SOURCE DATA
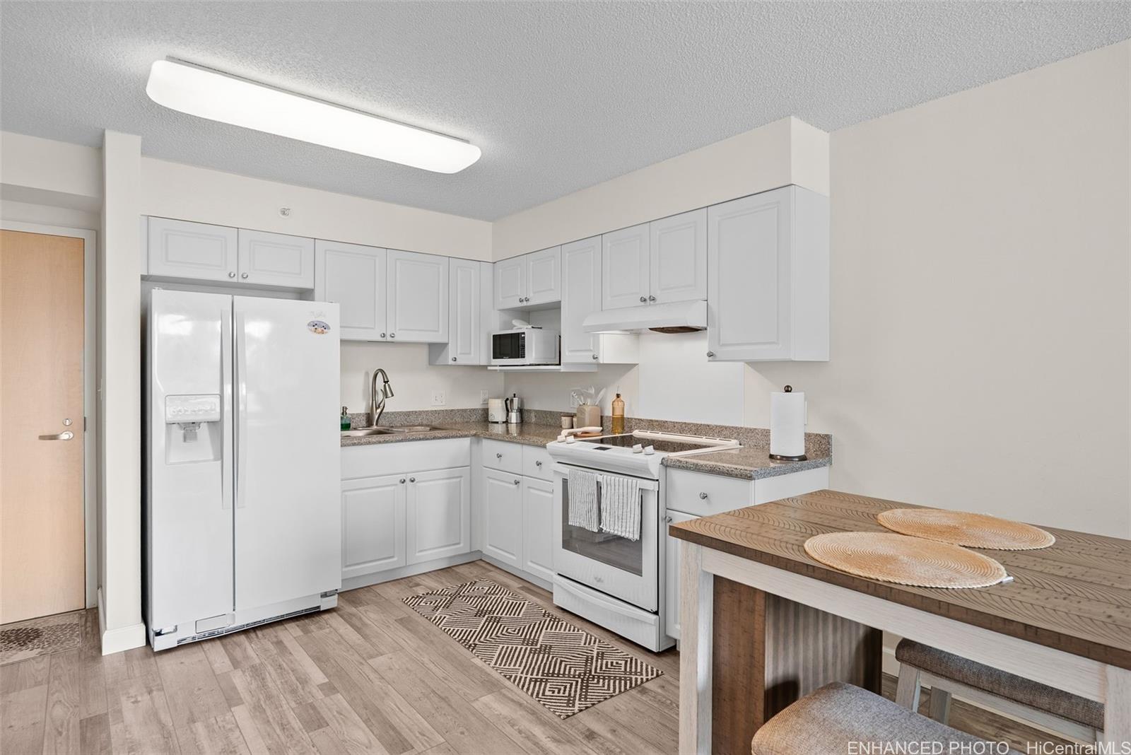 Elevate your urban island lifestyle in this highly desirable 1-bedroom, 1-bath residence in 801 South St Building B, complete with one covered, unassigned parking stall. This thoughtfully designed home features an open-concept layout with a sleek modern kitchen, brand-new waterproof luxury vinyl plank flooring, a new split A/C system, and the convenience of an in-unit washer and dryer. With exceptionally low maintenance fees, this is one of the best values in the area.
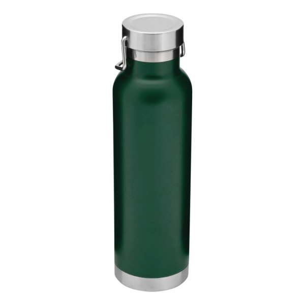 Vakuum-Isolierflasche MILITARY, doppelwandig: mit Kupfer-Isolierung, innen und außen aus Edelstahl, silberner Deckel mit Schraubverschluss, Silikon-Dichtring und Tragegiff, Füllmenge ca. 650 ml, hält ca. 12 Stunden warm und bis zu 24 Stunden kalt, in Box
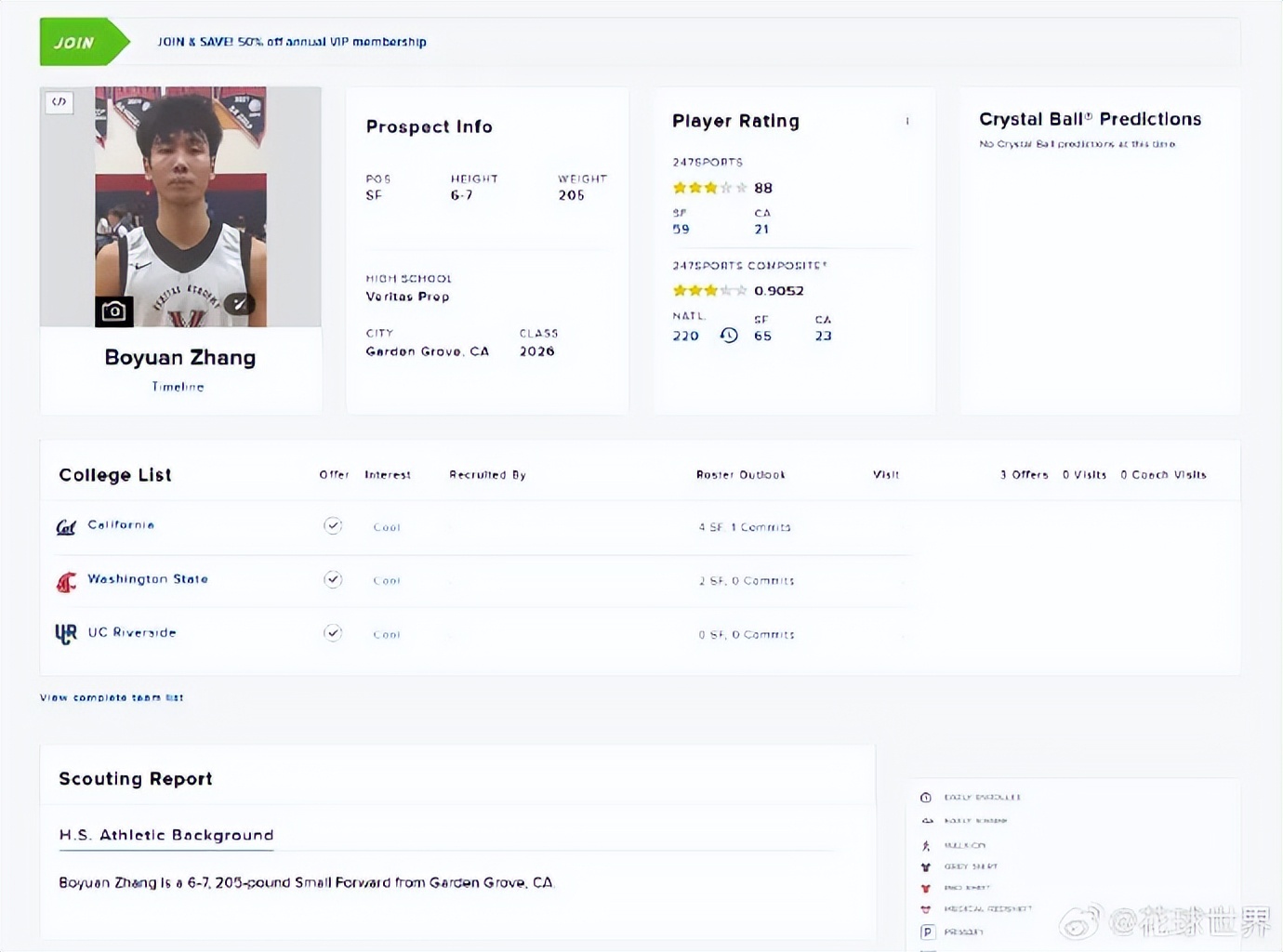 Back to the point, although Zhang Boyuan is currently rated as a three-star high school player with a score of 88, ranked 59th nationally as a small forward, if he continues to perform well, a four-star rating is within reach soon.

DESCRIPTION OF THE TASK
Reproduce the data above without a single change, please, but without its pictures.

TASK ANSWER
 Elevate your urban island lifestyle in this highly desirable 1-bedroom, 1-bath residence in 801 South St Building B, complete with one covered, unassigned parking stall. This thoughtfully designed home features an open-concept layout with a sleek modern kitchen, brand-new waterproof luxury vinyl plank flooring, a new split A/C system, and the convenience of an in-unit washer and dryer. With exceptionally low maintenance fees, this is one of the best values in the area.
 Vakuum-Isolierflasche MILITARY, doppelwandig: mit Kupfer-Isolierung, innen und außen aus Edelstahl, silberner Deckel mit Schraubverschluss, Silikon-Dichtring und Tragegiff, Füllmenge ca. 650 ml, hält ca. 12 Stunden warm und bis zu 24 Stunden kalt, in Box
 Back to the point, although Zhang Boyuan is currently rated as a three-star high school player with a score of 88, ranked 59th nationally as a small forward, if he continues to perform well, a four-star rating is within reach soon.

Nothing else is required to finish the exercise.